Dersim Araştırmaları Merkezi (DAM) de “Mevcut sistem dünün referansları üzerinden hala yol alıyor. Kürt halkının talepleri söz konusu olduğunda, Ankara partileri anında ‘ulusal’ zırha bürünüyorlar. Dilimize, inancımıza ve coğrafyamıza saygı gösterilmiyor hala. Halkımızın en temel yurttaşlık hakları dahi söz konusu olunca ‘devletin bekası’ gibi soyut bir kavram ile çıkılıyor karşımıza. Dün insanlarımıza suç sayılan değerler bu günde bizlere suç sayılmaktadır” dedi.
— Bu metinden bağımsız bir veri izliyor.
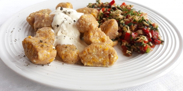 Nepaprastai skanus patiekalas - moliūginiai varškės virtinukai su salotomis:
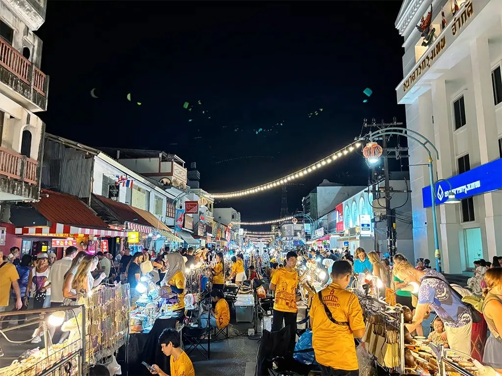 复古风情的文化夜市,每周日晚上,普吉镇老城区的塔朗路 会封路举行夜市,老建筑被彩灯装饰得如梦似幻,殖民风格的骑楼与传统泰式摊位相得益彰。这里有很多当地手工艺品、复古饰品、街头小吃,还有街头艺人表演传统音乐和舞蹈,充满文化气息。

Dersim Belediyesi de katliamı anmak için temsili bir anma programı gerçekleştirdi. Belediye Başkanı Mehmet Maçoğlu şöyle konuştu:
Dersim halkı için yine bir kara gün. 4 Mayıs 1938’de katledilen dedelerimiz, annelerimiz, büyüklerimizin anısına buradayız. Dersim halkı bu kara günü hiç unutmadı. Pandemi süreci içerisindeyiz. İnsanlarımızın anmalarını yapamadıkları bir dönemde Dersim Belediyesi olarak, Dersim Belediye Başkanı olarak Dersim halkı ve tüm dostları adına burada bu anmayı yapmak bizim için çok duygusal bir durum. Pandemiden kaynaklı dostlarımız burada değil. Bu yıl bütün Dersim halkı adına, dostlarımız adına burada olduğumuzu kabul etmesini istiyoruz. Dersim halkının, Dersimdeki demokratik kitle örgütlerinin, siyasi partilerin, kadının, yaşlısının herkesin talebi konusunda devletin bu meseleyi açıklamasını istiyoruz.